Figure 1. Filtered satellite tracks from Adélie penguins located at Humble Is. (Hum.), on the South coast of Anvers Island (white asterisk on inset) on the West Antarctic Peninsula (WAP) in January 2011.

These birds also carried dive recorders. Arrows represent the path of foraging trips. Contours are bottom bathymetry (m) showing the location of Palmer Deep.

Table 1. The deployment dates, number of ARGOS locations and mean range of the Adélie penguins tagged in each season.

Penguin Location Data Filtering

The quality of the location data depends on how many ARGOS satellites are in view while the tag is above the water. The porpoising and diving behavior of traveling penguins can result in poor quality location data. Location data qualities are classified as 3, 2, 1, 0, A, and B under the least-squares ARGOS algorithm. Class 3, 2, and 1 positions are accurate within 100 m, 250 m, 500 m−1500 m respectively. Class 0, A, and B positions are locations that have no error estimation [43]. We controlled the quality of our location data using three steps. First, we eliminated erroneous terrestrial positions using land masks from the National Snow and Ice Data Center, Atlas of the Cryosphere ( Second, we applied a sequential filter that considers location data quality flags and distance between successive locations based on maximum sustained swimming speed of the penguins [44] using the R argosfilter package [45]. Our threshold swimming speed was based on a maximum sustained swimming speed of 8 km hr−1 [40], [46]. Finally, we visually inspected each track and manually removed any class B points that were unreasonable based on coastal geometry. For example, the distance filter considers only great circle distances and does not take into account geographic barriers such as islands, which would increase the travel time between points (Table 1).

Dive Records

Dive records from 2011 were zero-offset using the diveMove package in R [47]. Based on previous studies of penguin diving behavior, we considered dives deeper than 5 m to be foraging dives [48], [49]. diveMove uses recursive filtering and a diving threshold to correct for drift in TDR depth sensors and identify diving behavior. This approach has been used to correct diving records of King penguins (Aptenodytes patagonicus) [50]. The dive records and penguin location data were then time merged. Location data within 150 seconds of a dive identified by the diveMove software were identified as foraging locations. Assuming a maximum swimming speed of 8 km hr−1 [40], [46], diving must have occurred within one third of a kilometer of a location fix.

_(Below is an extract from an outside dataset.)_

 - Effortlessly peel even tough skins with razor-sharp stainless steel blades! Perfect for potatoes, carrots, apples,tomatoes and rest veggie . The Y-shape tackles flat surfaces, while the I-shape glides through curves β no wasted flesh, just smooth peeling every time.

Tidal Measurements and Classification

A tide gauge mounted on the pier at Palmer Station, Anvers Island, Antarctica, recorded tidal amplitude during our experiment. The tide gauge is 1.7 km from Humble Is. We classified the tidal forcing regimes as diurnal or semidiurnal based on counting the number of high tides in a day. Time periods with one high tide per day were classified as a diurnal regime and all other tidal time periods were classified as a semidiurnal regime.

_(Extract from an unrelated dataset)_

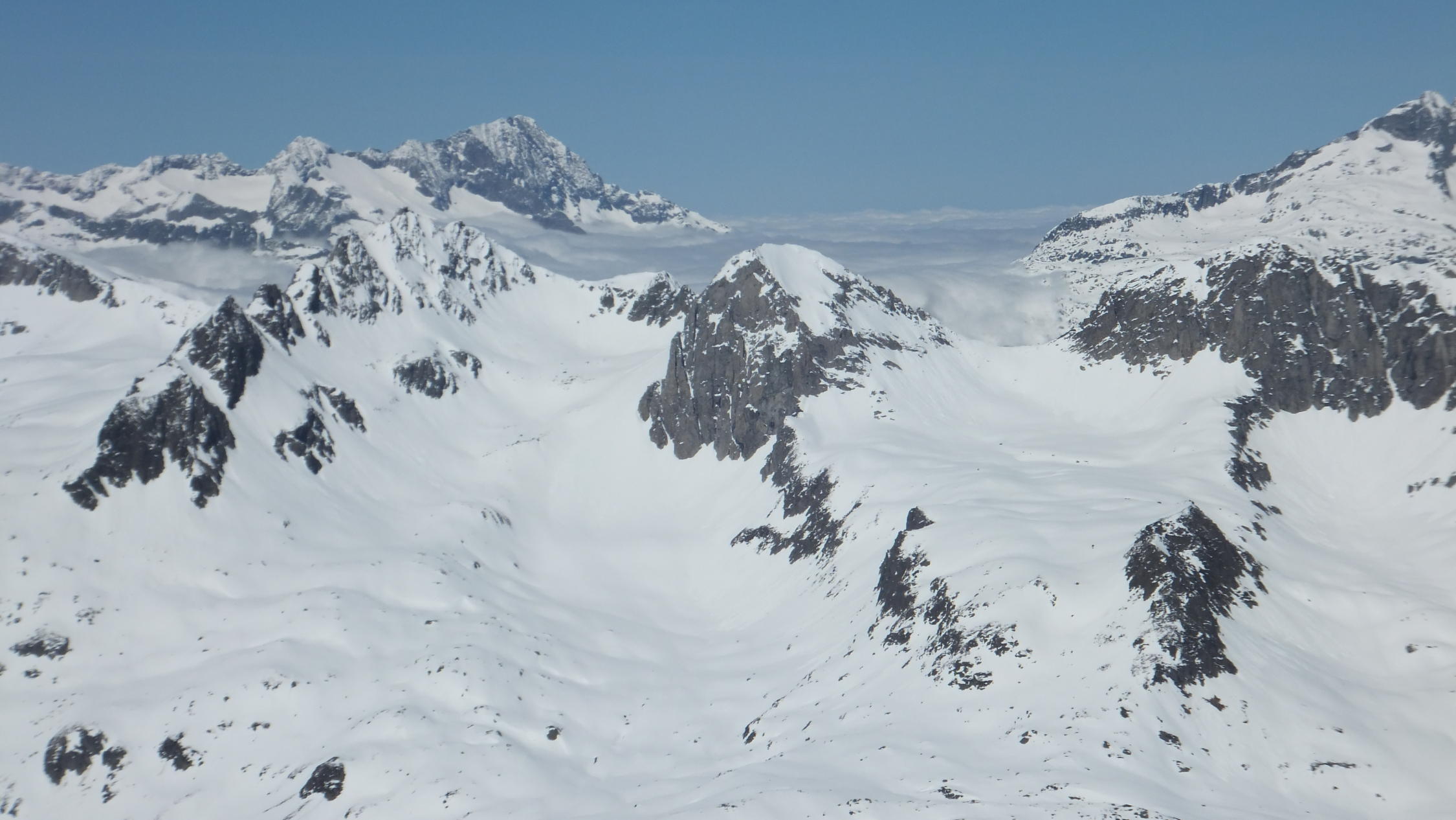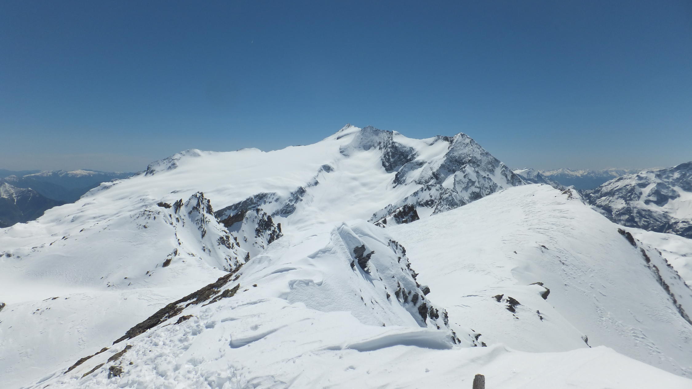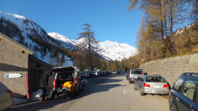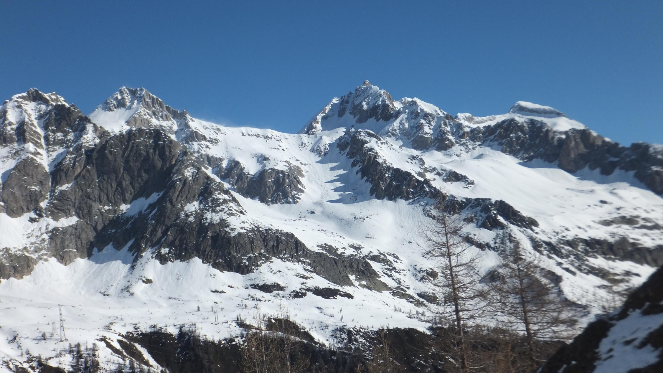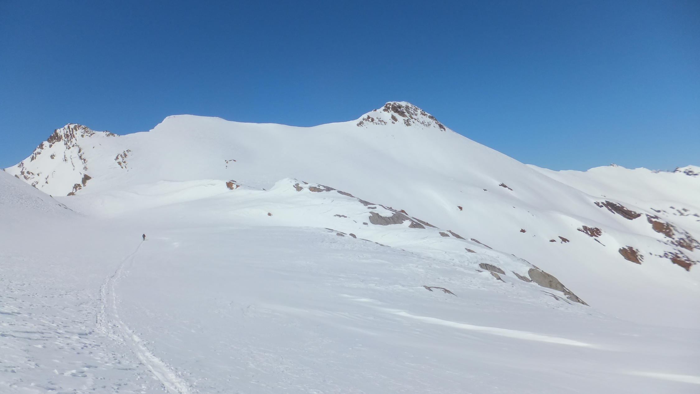 Sehr gute Verhältnisse mit kaltem Wind. Querung in der Ostflanke und Anstieg von Norden. Mit Ski fast bis zum Gipfel. Abfahrt durch Canalone del Marchhorn mit den unterschiedlichsten Schneearten.

Depth Integrated Currents from a Slocum Glider

We deployed a Slocum electric glider AUV in two successive missions from January 10–14, 2011 for a 62 km mission and January 15–31, 2011 for a 178 km mission. These vehicles have previously been used to provide environmental context for penguin foraging behavior [51]. Gliders are buoyancy driven and travel in an underwater “saw-tooth” pattern [52] between 1 m and 100 m, with surface GPS fix every 2 hours or upon reaching a waypoint. While underwater, the glider used internal compass heading corrected for declination to navigate to its next waypoint. Integrated currents between glider surfacings were estimated by the difference between where the glider surfaced based on a GPS fix, and the estimated location of the glider based on internal navigation. This method produced a 100 m depth integrated current estimate every two hours of the glider mission. During this experiment, the glider estimated currents in the general area of the Palmer Deep, which is a historically important location for penguin activity [3]. Twice, during a diurnal and a semidiurnal tidal regime, the glider was programed to remain near a station (“station keep”) at the northeast edge of the Palmer Deep to resolve the temporal changes in currents over a diurnal and semidiurnal tide cycle.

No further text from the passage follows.